Decorations In A Ruined Cemetery
The story centers on the Eagen family of New Orleans, Irish Catholics of “mixed blood” in a city where race defines destiny. In 1965, Thomas Eagen and his 12-year-old twins, Meredith and Lowell, abruptly drive off, leaving his second wife, Catherine, and their home. As they cross Lake Pontchartrain, a section of the bridge collapses, injuring Murphy Warrington, an African American man who once worked for Thomas’s father. Murphy becomes the catalyst for a series of revelations about Thomas’s light-skinned black mother and the reasons she abandoned her husband and son when Thomas was an infant.

“John Gregory Brown’s compassionate vision of human destiny is one that contains both suffering and the possibility of deliverance,” wrote the New York Times Book Review when the novel was first released. “Artistry like this is unclassifiable.”

The Times called it “moving, wise, and wonderful,” and the Boston Globe predicted a bright future for its author. “Decorations in a Ruined Cemetery is a sensitive, graceful piece of writing with an emotional candor about it that speaks well for John Gregory Brown’s future life as a writer.”

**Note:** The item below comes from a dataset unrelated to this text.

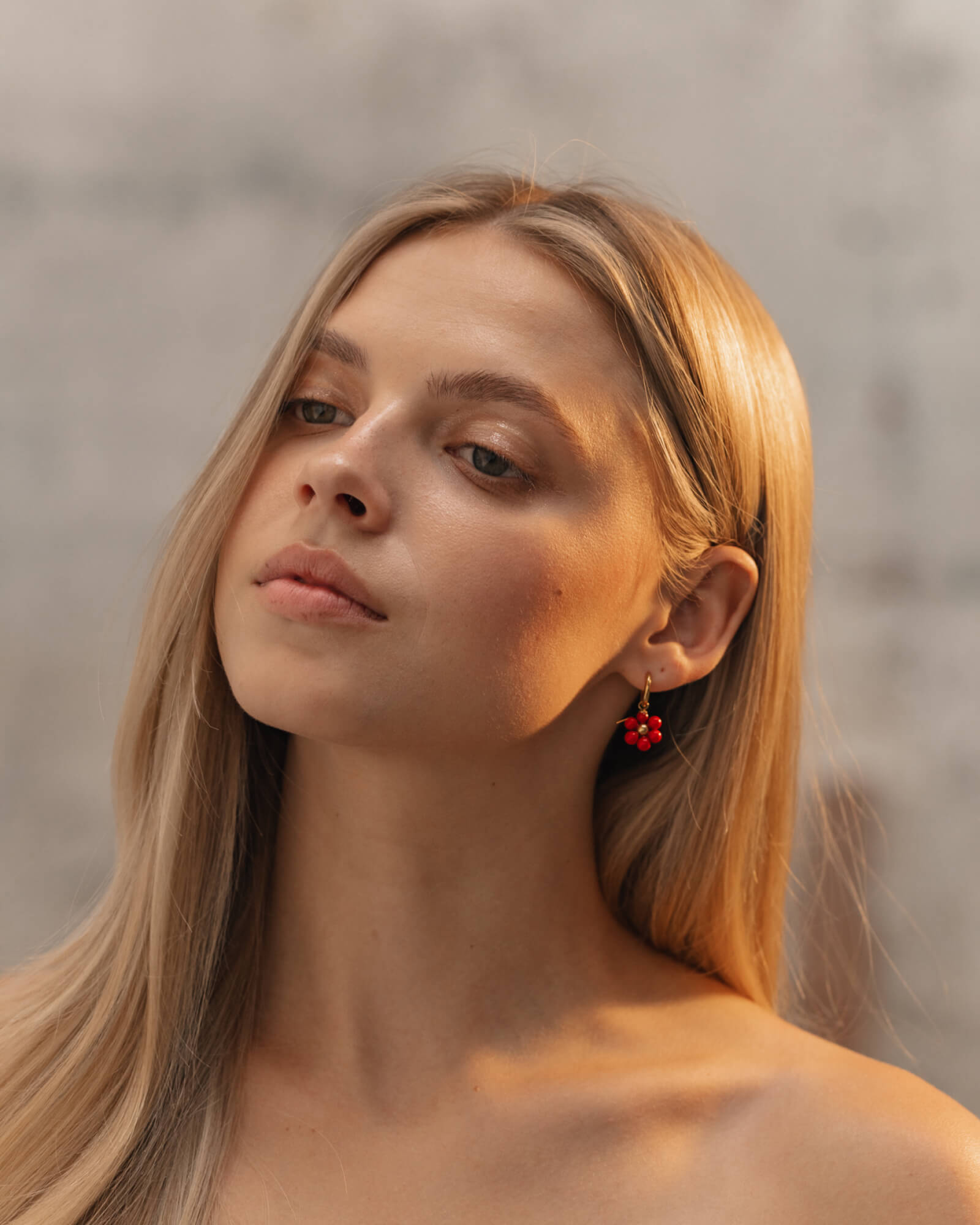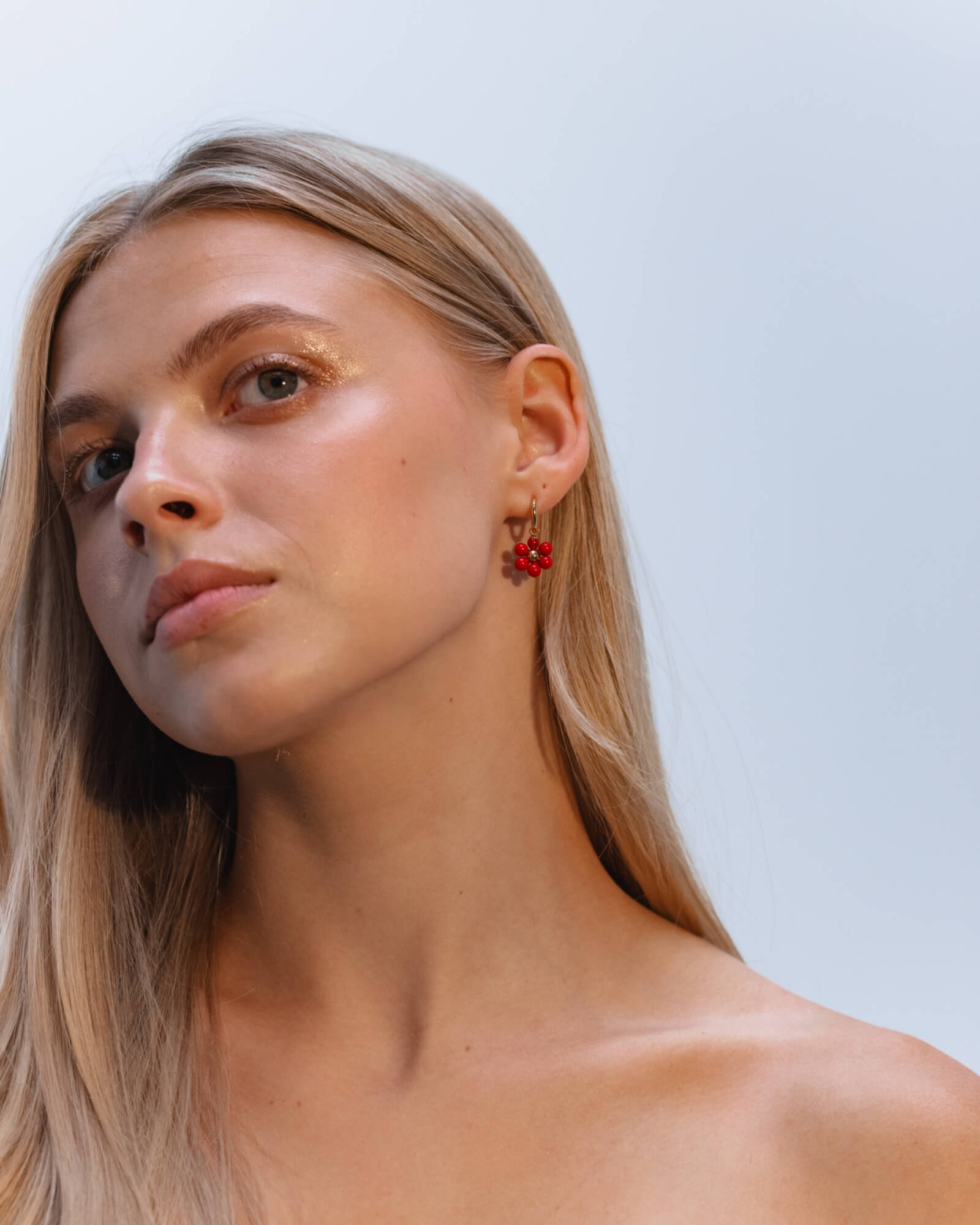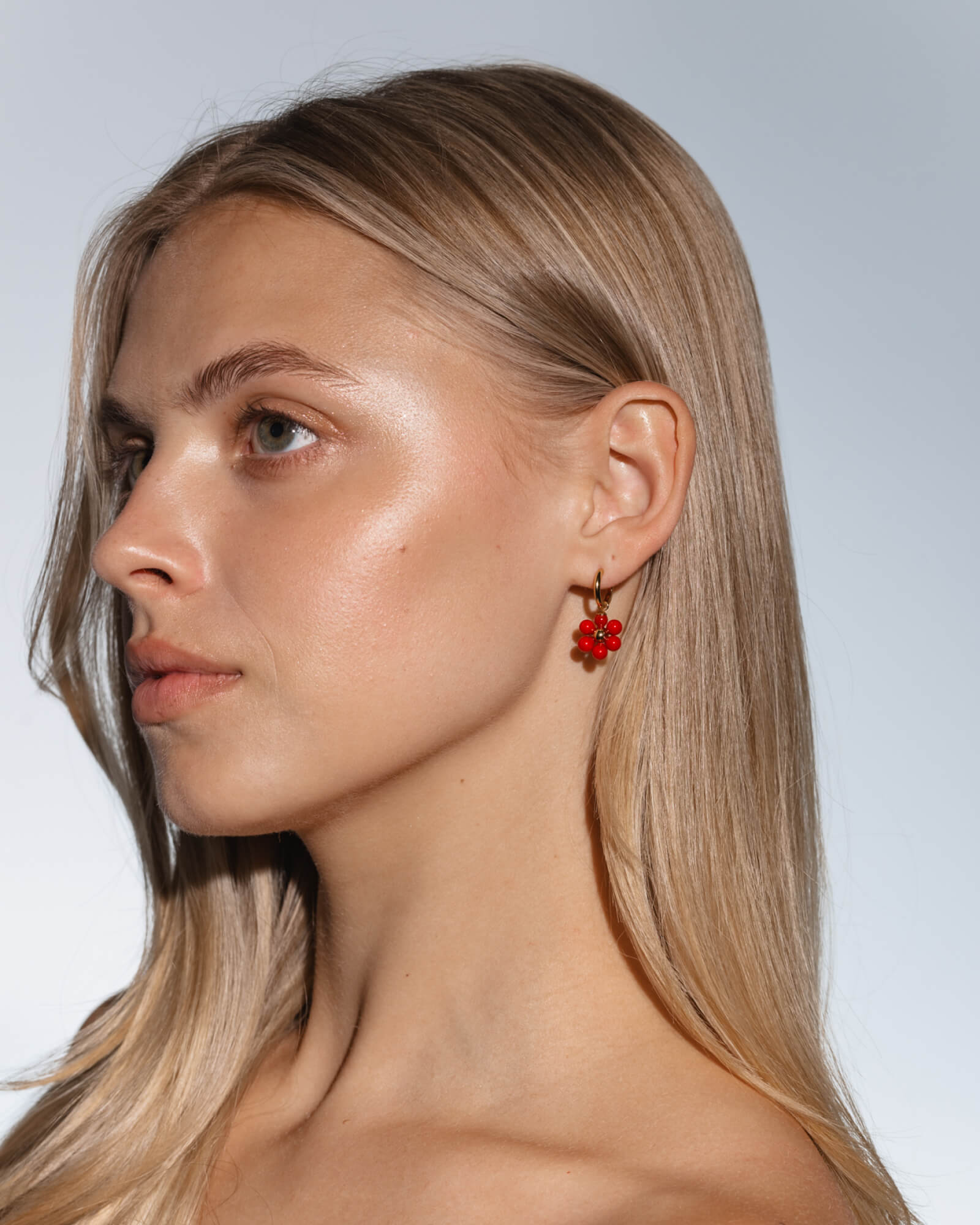 Mini hoop in golden silver with red and golden flower in 4mm round red pearls. Majorica flower-shaped brooches from the 1940s inspire new collections
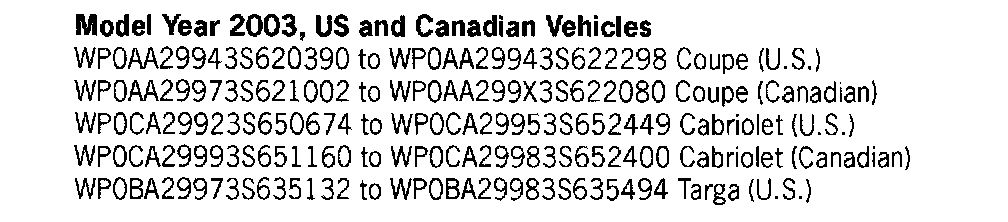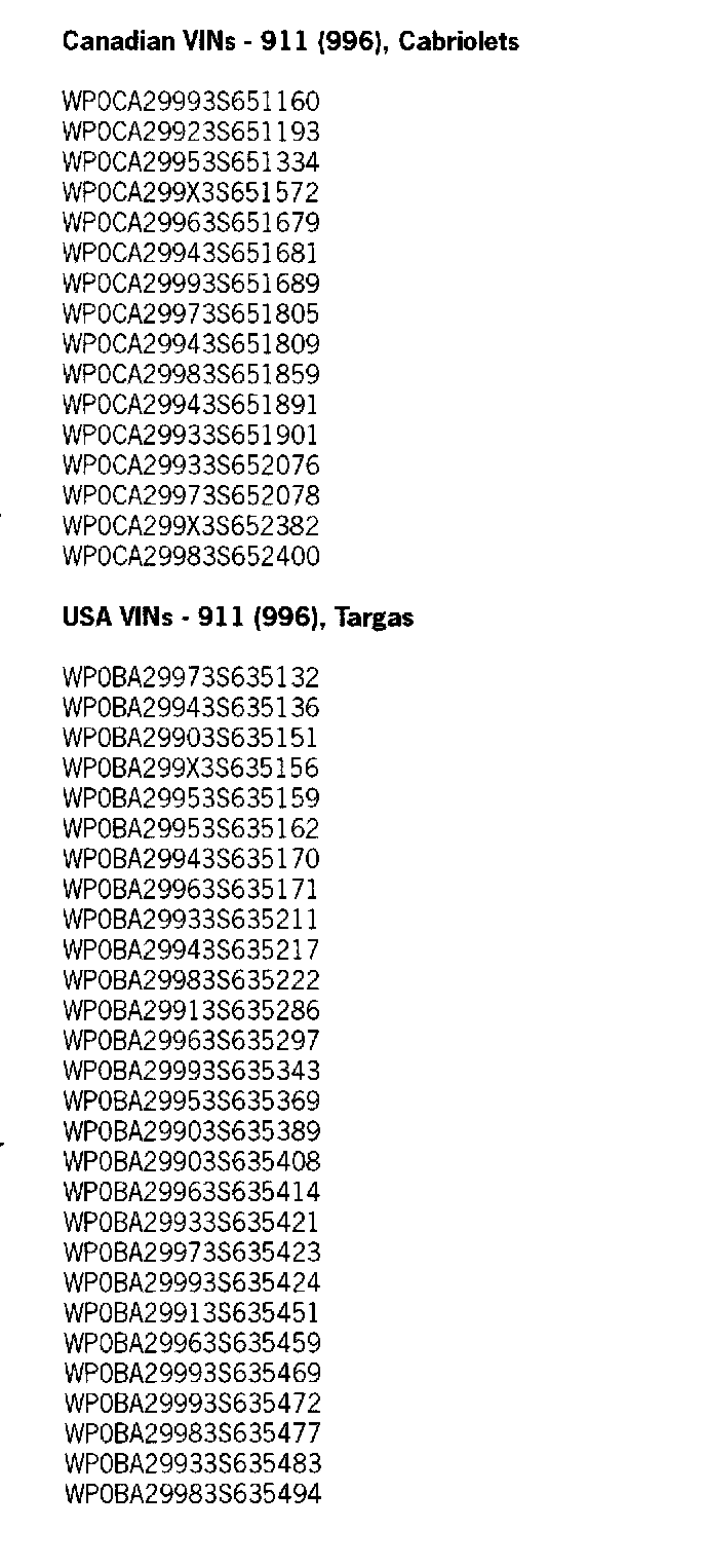 Not every vehicle in the below listed range may be affected. Use the ranges below as a general guideline. Refer to Attachment "A" to determine if a particular vehicle is eligible for this service action. Alternatively, the VIN can be checked in the Porsche e-DCS/WWS for confirmation of an open service action.

Brown is the Julia Jackson Nichols Professor of English and Creative Writing at Sweet Briar College and the author of the novels “The Wrecked, Blessed Body of Shelton Lafleur,” “Audubon’s Watch” and “A Thousand Miles From Nowhere.” His honors include a Lyndhurst Prize, the Lillian Smith Award, the John Steinbeck Award, a Howard Foundation fellowship, the Louisiana Endowment for the Humanities Book of the Year Award and the Emyl Jenkins Sexton Literary Award for Fiction from the Library of Virginia. Recently, Brown has also been dabbling in photography and visual art. Information about his writing and art is on his website.